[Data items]
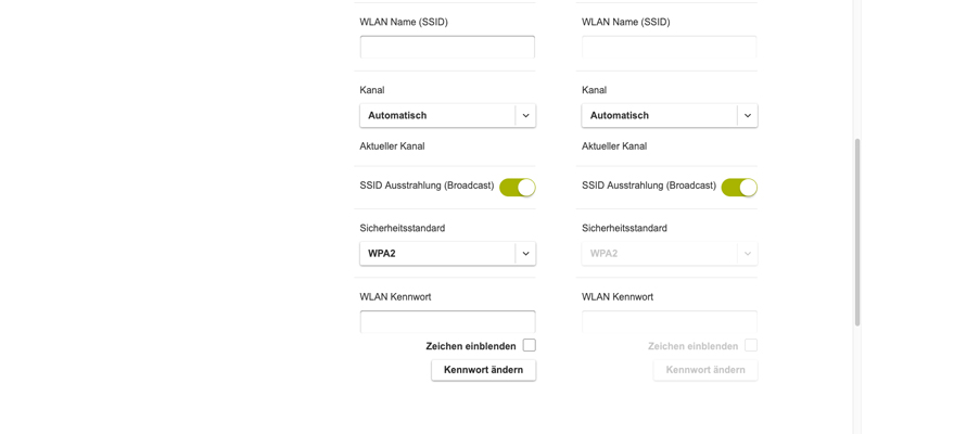 - Scroll nach unten. Gib unter WLAN-Name (SSID) den Namen Deines Funknetzes (Netzwerknamen) ein. Wichtig: Sonderzeichen (z.B. ä, ö, ü, ß) werden von einigen WLAN-Geräten (z.B. Apple iPhone) nicht unterstützt.
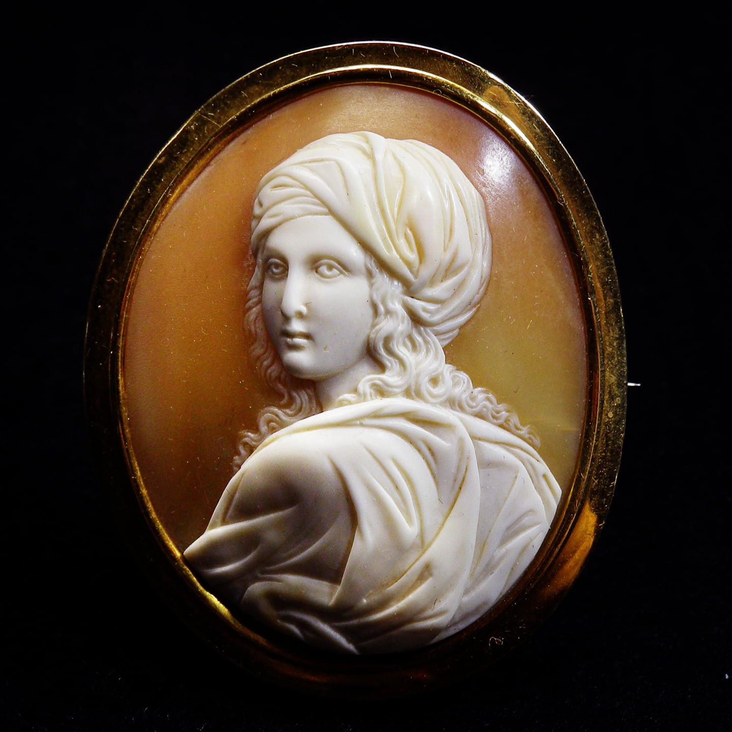 柔らかいコルネリアンの橙色を背に振り向いてみせるベアトリーチェの顔は生気を持ったように美しく、時を経てなめらかなつやを持った貝の質感がはりのあるうら若い女性の肌を上手く表現しております。
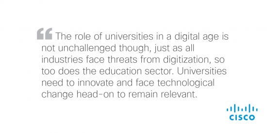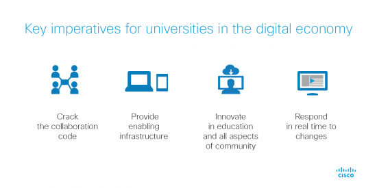 - Universities must shift the paradigm that rather than being standalone institutions, they are active and important participants within a digital ecosystem. This requires a mind-set of collaboration and open partnerships so that universities can help to co-create the future and act as advocates for new theories and technologies as they come to life.
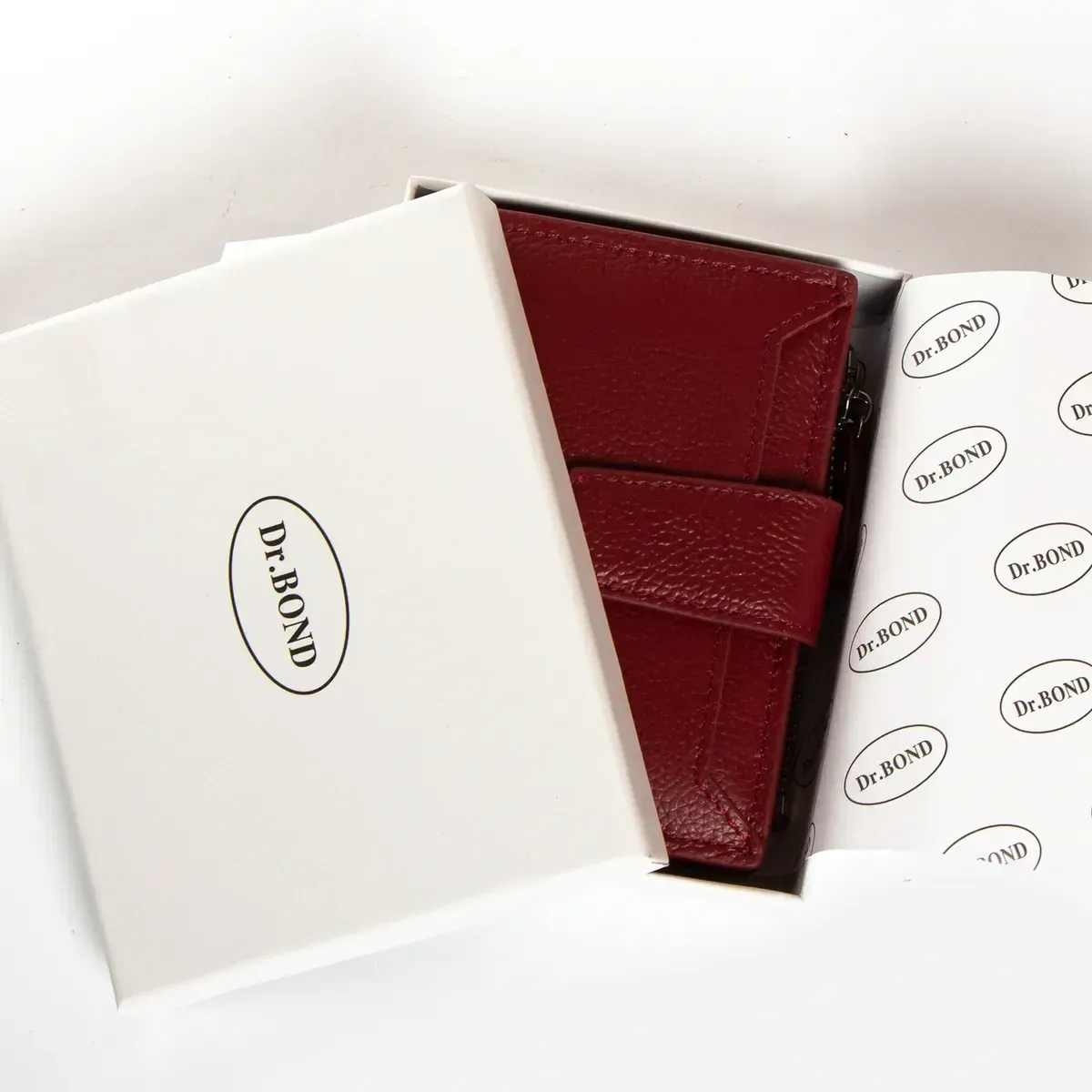 Жіночий шкіряний гаманець Dr.Bond. Закривається клапаном на кнопці. Усередині знаходяться два відкриті відділення для банкнот, 13 кишень для візитних карток. на відкидному блоці та 4 великі кишені. Зовні гаманця є монетниця на блискавці та відкрита кишеня на фасаді.
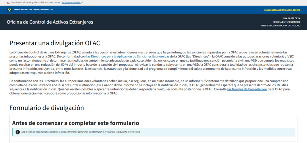 El Departamento del Tesoro de Estados Unidos, a través de la Oficina de Control de Activos Extranjeros (OFAC, por sus siglas en inglés), puso en operación ,el 6 de febrero de 2026, un nuevo Portal de Autodivulgación Voluntaria en línea para la presentación de reportes relacionados con posibles infracciones a sus programas de sanciones. La herramienta digital busca ofrecer un mecanismo simplificado y seguro para que personas y entidades de Estados Unidos y de otros países remitan información sobre aparentes violaciones al régimen de sanciones económicas administrado por la autoridad estadounidense.
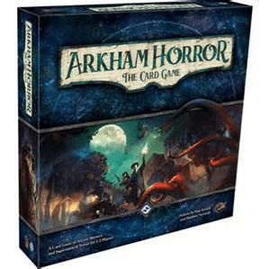 As you many recall, I’m not a fan of horror in any way.  Edgar Allan Poe is pretty much my literary limit, and only in small, rare doses.  True, Abbott and Costello Meet Frankenstein is my third-favorite movie of all time, but that’s not “real” horror, anyway.  Arkham Horror is based on the H.P. Lovecraft world of scariness, which I will likely never read, but now that it is public domain, every  second game that comes out has some sort of Cthulhu topping.  The games from Fantasy Flight Game, though, stand out positively.  I’ve played the board game version of Arkham Horror, and that was good, though, like most people, for time and space reasons (so to speak), it has been replaced by the wider Eldritch Horror.  I am interested in getting the dice game version of this world, Elder Sign (I had the chance to get it this past summer but let it slip by in favor of a more family-friendly game because I’m swell like that), even though it may be rather similar to the others in the series.  Arkham Horror The Card Game is a bit different from them in that it is a card game, in the sense you are a character doing the investigation of the dark forces trying to break into our world.  Eldritch Horror certainly has a lot of decks of cards, but it does not have the same feel, since none of those cards are “yours,” and that personal element in the card game generates a different feel in the game, which I enjoy.  It is also one of the newfangled “living card games,” which is secret code for “endless money hole.”  The base game pictured above gets you four investigators, a slew of cards (equipment, abilities, weaknesses), and three missions connected by a story.  After that, you can buy new stories, new expansions, all with new cards, ways to upgrade your character, different kinds of adventures, making the world/experience grow and continue … but, yes, you have to buy them.  But, you’ve got them, and then you can play them again and again, perhaps as different characters, even after the “secrets” of the stories are over.  It’s fine.
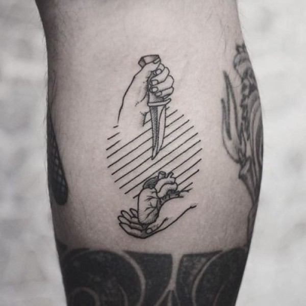 小腿简单手绘黑色手与匕首心脏纹身图案
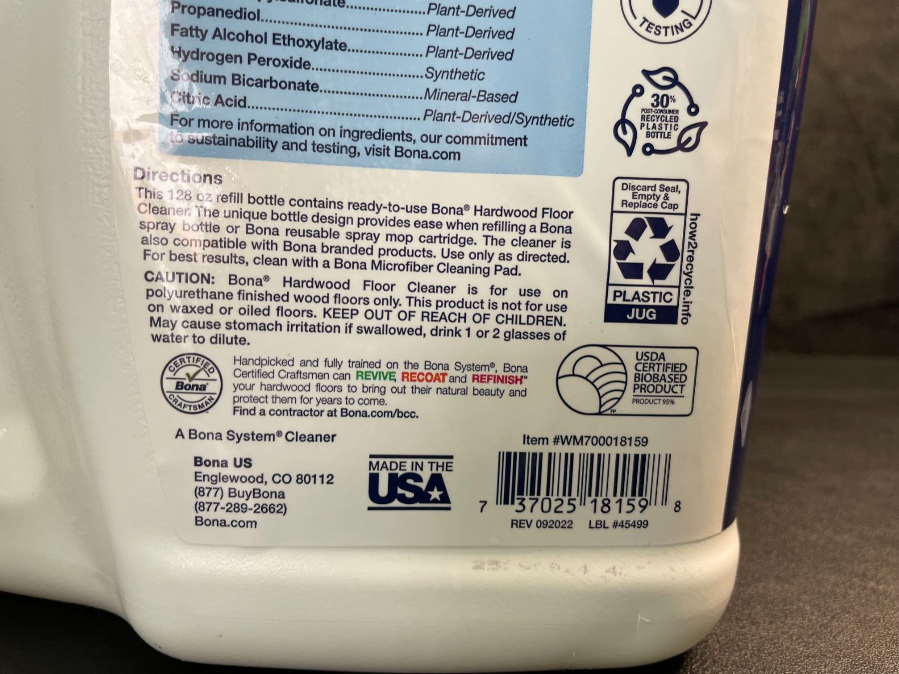 1 Jug of BONA Hardwood Floor Cleaner Refill (3.78L Jug) - New
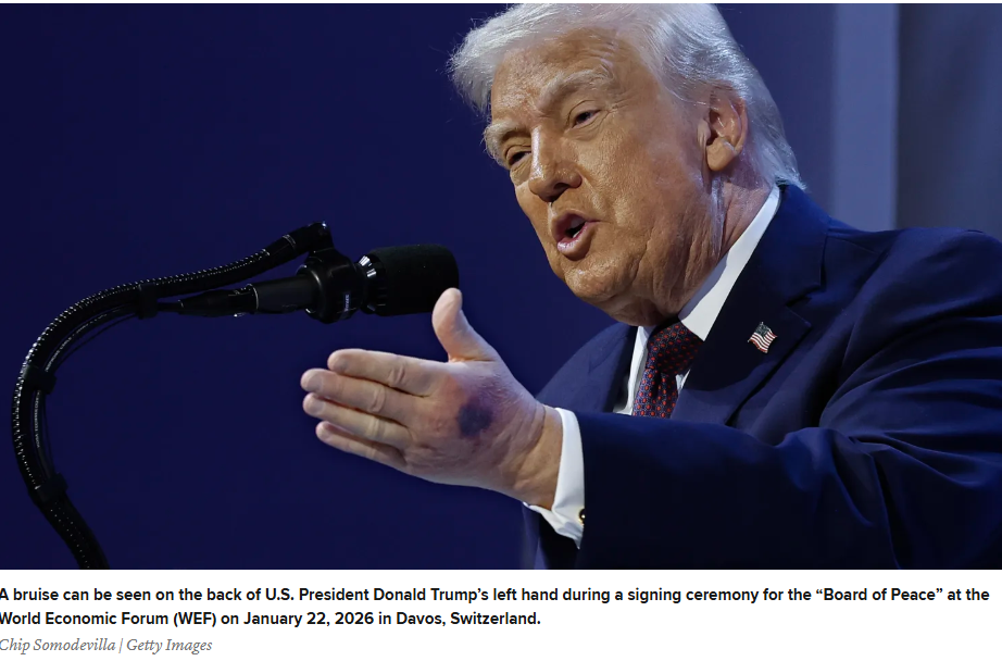 A screenshot from the CNBC article highlights a bruise on the back of U.S. President Donald Trump’s left hand during the signing ceremony of the “Board of Peace” at the World Economic Forum on January 22, 2026, in Davos, Switzerland.
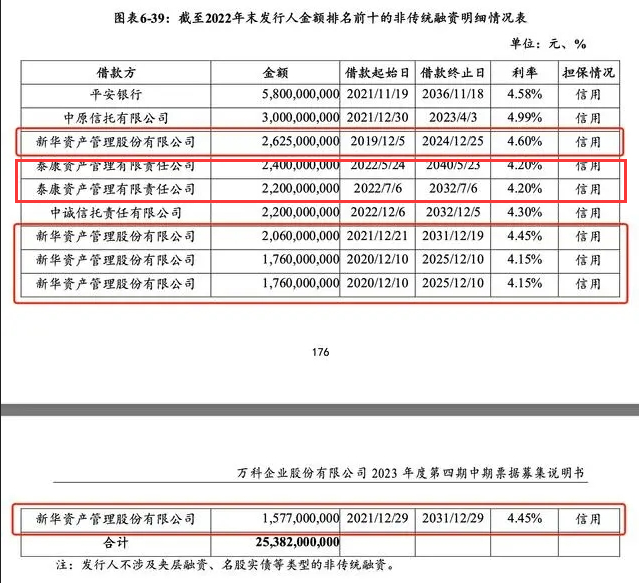 据万科2023年度第四期中期票据募集说明书显示,截至2022年末,排名前十的借款方包括新华资产和泰康资产,其中新华资产的借款金额合计97.82亿,泰康资产借款合计46亿。
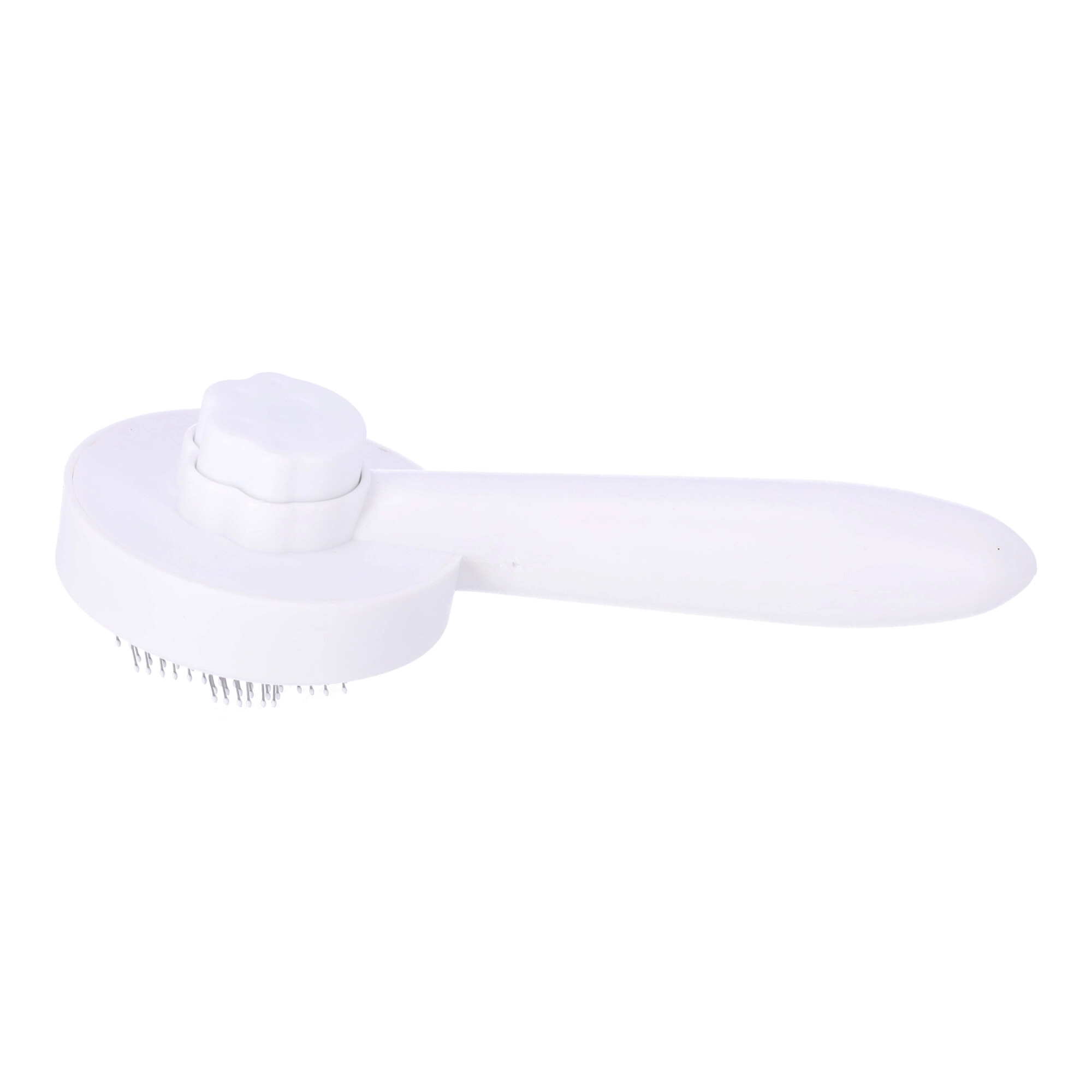 Praktische borstel voor honden en katten verwijdert effectief losse haren en klitten en masseert tegelijkertijd zachtjes de huid. Dankzij de ergonomische handgreep ligt hij comfortabel in de hand en glijdt niet weg, terwijl de afgeronde metalen pinnen zacht zijn voor de huid. Voorzien van een knop voor snel reinigen, zodat je met één druk op de knop de haren eenvoudig uit de borstel loslaat. Geschikt voor kort- en langharige huisdieren en voor dagelijkse verzorging van een gezonde, glanzende vacht.
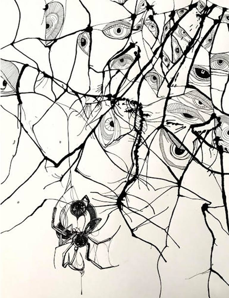 The Internet is the hardware upon which the spider-like connections of the World Wide Web have been created. Though sometimes we feel trapped in this monolithic spider web. I used India ink on 18 X 24 inch paper
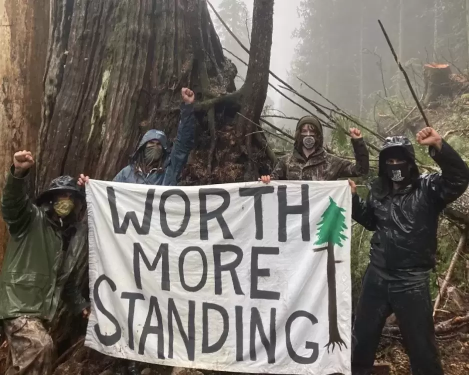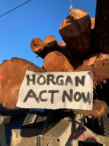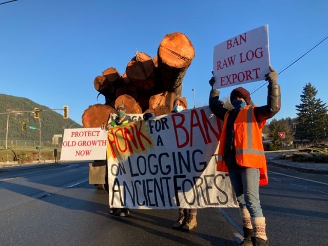 Then on Dec. 2 a collective calling themselves the Rain4est Flying Squad blocked logging trucks north of Duncan in protest of harvesting just outside Carmanah-Walbran Provincial Park, which lies south of the Caycuse River. A vehicle carrying old-growth logs was held up for an hour by the demonstrators forcing a red light at a crosswalk. Other northbound logging trucks passed the blockage, but protestors stopped them for several hours before the vehicles reached a log sort in Ladysmith, according to the Rain4est Flying Squad.

**Activity:** Return all records above verbatim without their pictures.

**Task answer:**
 - Scroll nach unten. Gib unter WLAN-Name (SSID) den Namen Deines Funknetzes (Netzwerknamen) ein. Wichtig: Sonderzeichen (z.B. ä, ö, ü, ß) werden von einigen WLAN-Geräten (z.B. Apple iPhone) nicht unterstützt.
 柔らかいコルネリアンの橙色を背に振り向いてみせるベアトリーチェの顔は生気を持ったように美しく、時を経てなめらかなつやを持った貝の質感がはりのあるうら若い女性の肌を上手く表現しております。
 - Universities must shift the paradigm that rather than being standalone institutions, they are active and important participants within a digital ecosystem. This requires a mind-set of collaboration and open partnerships so that universities can help to co-create the future and act as advocates for new theories and technologies as they come to life.
 Жіночий шкіряний гаманець Dr.Bond. Закривається клапаном на кнопці. Усередині знаходяться два відкриті відділення для банкнот, 13 кишень для візитних карток. на відкидному блоці та 4 великі кишені. Зовні гаманця є монетниця на блискавці та відкрита кишеня на фасаді.
 El Departamento del Tesoro de Estados Unidos, a través de la Oficina de Control de Activos Extranjeros (OFAC, por sus siglas en inglés), puso en operación ,el 6 de febrero de 2026, un nuevo Portal de Autodivulgación Voluntaria en línea para la presentación de reportes relacionados con posibles infracciones a sus programas de sanciones. La herramienta digital busca ofrecer un mecanismo simplificado y seguro para que personas y entidades de Estados Unidos y de otros países remitan información sobre aparentes violaciones al régimen de sanciones económicas administrado por la autoridad estadounidense.
 As you many recall, I’m not a fan of horror in any way.  Edgar Allan Poe is pretty much my literary limit, and only in small, rare doses.  True, Abbott and Costello Meet Frankenstein is my third-favorite movie of all time, but that’s not “real” horror, anyway.  Arkham Horror is based on the H.P. Lovecraft world of scariness, which I will likely never read, but now that it is public domain, every  second game that comes out has some sort of Cthulhu topping.  The games from Fantasy Flight Game, though, stand out positively.  I’ve played the board game version of Arkham Horror, and that was good, though, like most people, for time and space reasons (so to speak), it has been replaced by the wider Eldritch Horror.  I am interested in getting the dice game version of this world, Elder Sign (I had the chance to get it this past summer but let it slip by in favor of a more family-friendly game because I’m swell like that), even though it may be rather similar to the others in the series.  Arkham Horror The Card Game is a bit different from them in that it is a card game, in the sense you are a character doing the investigation of the dark forces trying to break into our world.  Eldritch Horror certainly has a lot of decks of cards, but it does not have the same feel, since none of those cards are “yours,” and that personal element in the card game generates a different feel in the game, which I enjoy.  It is also one of the newfangled “living card games,” which is secret code for “endless money hole.”  The base game pictured above gets you four investigators, a slew of cards (equipment, abilities, weaknesses), and three missions connected by a story.  After that, you can buy new stories, new expansions, all with new cards, ways to upgrade your character, different kinds of adventures, making the world/experience grow and continue … but, yes, you have to buy them.  But, you’ve got them, and then you can play them again and again, perhaps as different characters, even after the “secrets” of the stories are over.  It’s fine.
 小腿简单手绘黑色手与匕首心脏纹身图案
 1 Jug of BONA Hardwood Floor Cleaner Refill (3.78L Jug) - New
 A screenshot from the CNBC article highlights a bruise on the back of U.S. President Donald Trump’s left hand during the signing ceremony of the “Board of Peace” at the World Economic Forum on January 22, 2026, in Davos, Switzerland.
 据万科2023年度第四期中期票据募集说明书显示,截至2022年末,排名前十的借款方包括新华资产和泰康资产,其中新华资产的借款金额合计97.82亿,泰康资产借款合计46亿。
 Praktische borstel voor honden en katten verwijdert effectief losse haren en klitten en masseert tegelijkertijd zachtjes de huid. Dankzij de ergonomische handgreep ligt hij comfortabel in de hand en glijdt niet weg, terwijl de afgeronde metalen pinnen zacht zijn voor de huid. Voorzien van een knop voor snel reinigen, zodat je met één druk op de knop de haren eenvoudig uit de borstel loslaat. Geschikt voor kort- en langharige huisdieren en voor dagelijkse verzorging van een gezonde, glanzende vacht.
 The Internet is the hardware upon which the spider-like connections of the World Wide Web have been created. Though sometimes we feel trapped in this monolithic spider web. I used India ink on 18 X 24 inch paper
 Then on Dec. 2 a collective calling themselves the Rain4est Flying Squad blocked logging trucks north of Duncan in protest of harvesting just outside Carmanah-Walbran Provincial Park, which lies south of the Caycuse River. A vehicle carrying old-growth logs was held up for an hour by the demonstrators forcing a red light at a crosswalk. Other northbound logging trucks passed the blockage, but protestors stopped them for several hours before the vehicles reached a log sort in Ladysmith, according to the Rain4est Flying Squad.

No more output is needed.